OK. Alt-right types in general. White identity types. "Aryans." KKK types. People like that are responsible for 3/4 of the deaths due to domestic terrorism.

Deaths, perhaps. But the threats are miniscule, and that's what we're talking about. And this is mostly people with mental illnesses acting on hate, or just acting out of their own sociopathic motivations. And we're not talking about a statistically significant number of deaths out of total homicides here.

Given the events of the last century, the growing hatred coming from the left represents a tremendous internal threat. These dynamics are shifting quickly, and extremism needs to be taken seriously.

And yes, foreign powers are trying to throw fuel on that fire, and yes, Chinese technology (to include drones) is a real concern.

 

[k1pp3r]

Well this thread really derailed didn't it? We went from talking about drones to Aryans and KKK

 

[FNtastic]

Well this thread really derailed didn't it? We went from talking about drones to Aryans and KKK

This is all totally Networking & Security related

On a serious note, I'd hope the mods move it to General Mayhem for further discussion, rather than locking it.

 

[purple_monster]

hahaha yes! we brought the circus to town!

 

[/dev/null]

Folks. Get real here about the relevant Chinese laws. I'm not exactly, shall we say, a Trump supporter. But on the overall China trade issues he is right. He is right to take on the issue of intellectual property theft and forced technology transfers. Of course, he is executing that policy with lots and lots of incompetence, and worse. But those issues have been there for many years.

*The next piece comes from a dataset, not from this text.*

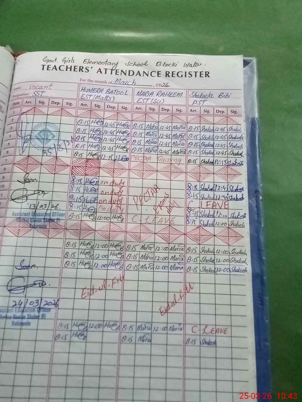 | Remarks (Use Separate Page if Required): primary classes exam off | |||||
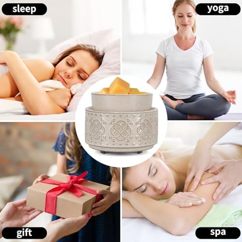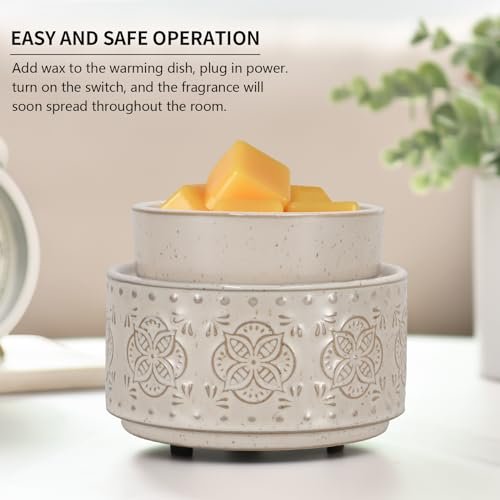 Mocosa 3-in-1 Ceramic Wax Warmer – Giftable Scented Wax Melt Burner for Mom & Grandma (Beige-Granular)

Please, no comments about my politics. As they (used to say) on the old Usenet, "Flames to /dev/null." If you don't know what the usenet was, do a Google search.

Please don't send your flame posts to me

 

[AnIgnorantPerson]

I've been saying this for YEARS on popular drone forums. And I always got the same response....."Tin Foil Hat"...."Paranoid".
Drones made by DJI explicitly and constantly make network connections that lead back to China. Does it take a Phd to figure it out? But the VAST majority of US drone operators are so eager for that next big update feature, they gladly give China all the access it wants. Never once thinking of the bigger picture. Your backyard may not have anything worth hiding from China, but people fly them next to government installations and other sensitive areas daily. The amount of data from drones flowing back to china is staggering

I really don't understand how so many Americans can be so stupid to be quite frank...but they are.

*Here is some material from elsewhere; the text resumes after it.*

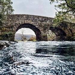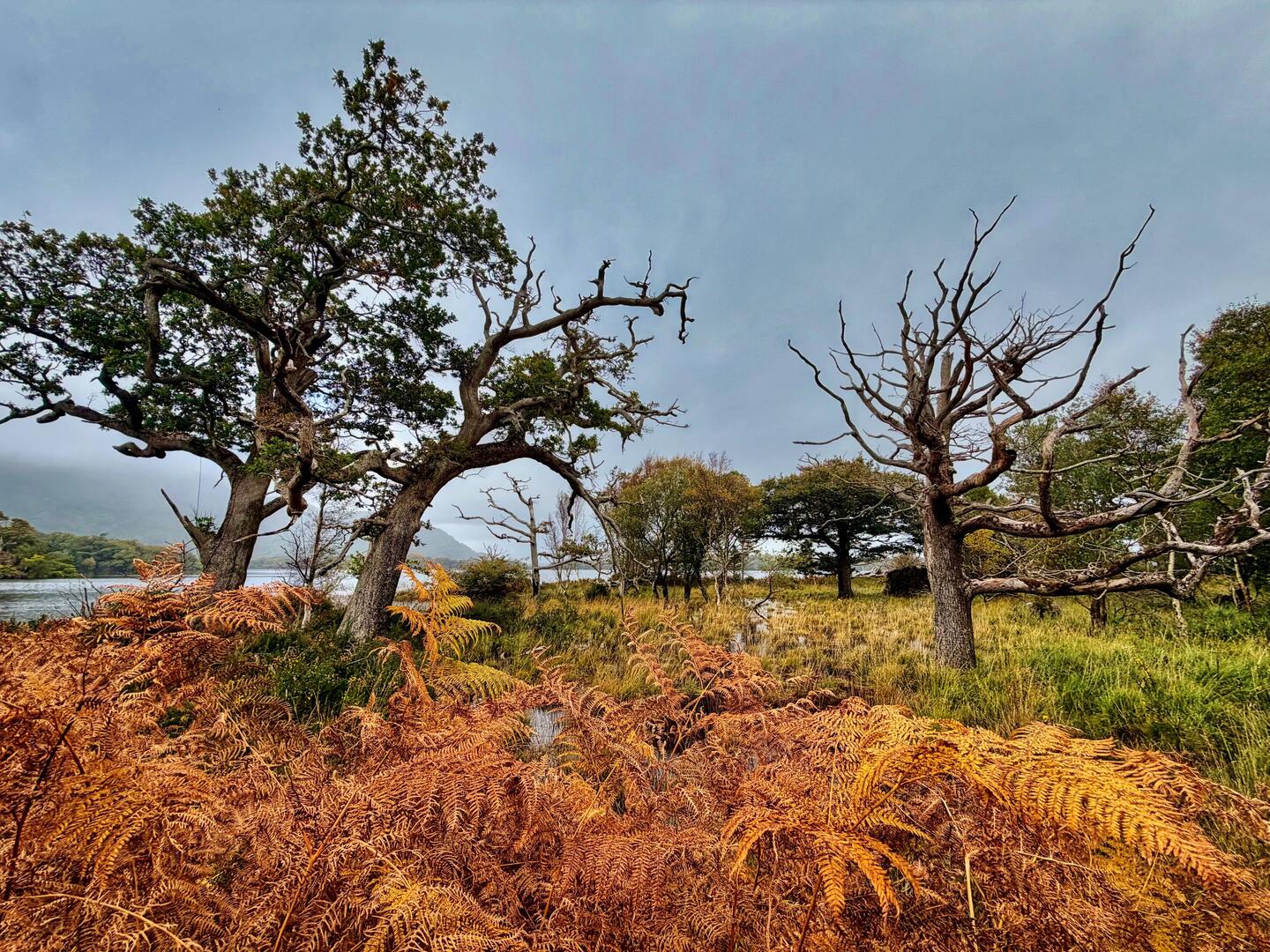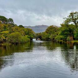 In de middag maken we een wandeling door een sprookjesbos. De bossen hier lijken elk moment door elfjes of kabouters overgenomen te kunnen worden. De sfeer is altijd een beetje mysterieus. We volgen een pad langs de oever van het meer en na een halfuur over paden, rotsen en houten planken verschijnt de Old Weir Bridge tussen de bomen. Het is een verweerde stenen boogbrug uit de zestiende eeuw, gehavend maar nog altijd trots overeind. Hij staat precies bij de Meeting of the Waters, waar de drie meren van Killarney elkaar vinden en samenvloeien.

Another BIG threat that's just beginning to be taken seriously is DVR recorders from China. AND Huawei's networking gear poses a similar spying risk.

The naivete of the American people knows no bounds.

The only country more stupid is Germany. They said they will not take part in the "US assault on Chinese technology".

US warns about alleged spying threat from Chinese-made drones

https://www.foxnews.com/tech/us-warns-about-alleged-spying-threat-from-chinese-made-drones

Shouldn't we be more concerned about US blowing up American citizens via drones? (1, 2,...) But I guess it takes a PhD to understand the threat in our backyard and how that violates our inalienable rights?

What about the spying by our own county? Who is a bigger threat to your freedom? China or the US government (Hint its the domestic one). Just look at how many our government kills/imprisons vs China.

Never understood how people can't look at things objectively and globally.

 

[GoldenTiger]

HARD to say that I AM surprisEd with the GIVEN leadership FROM our CURRENT president THAT our own DEVICES ARE CALLING HOME CHINA ! !!! this is JUST more evidence THAT WE NEED A RETURN TO NORMALCY!!! OBAMA DEVICES WOULD NEVER TALK TO CHINA THANK YOU GOD BLESS SEMPI FIDE!!!

You never saw that Russian diplomat video where Obama said he'd have more flexibility for Russia after the election in 2012 did you?

 

[AnIgnorantPerson]

You never saw that Russian diplomat video where Obama said he'd have more flexibility for Russia after the election in 2012 did you?

dude his post was pure sock puppet or trolling...I am hoping trolling. Also, Obama was the first President to start murdering Americans via his signature and Obama phones...just saying.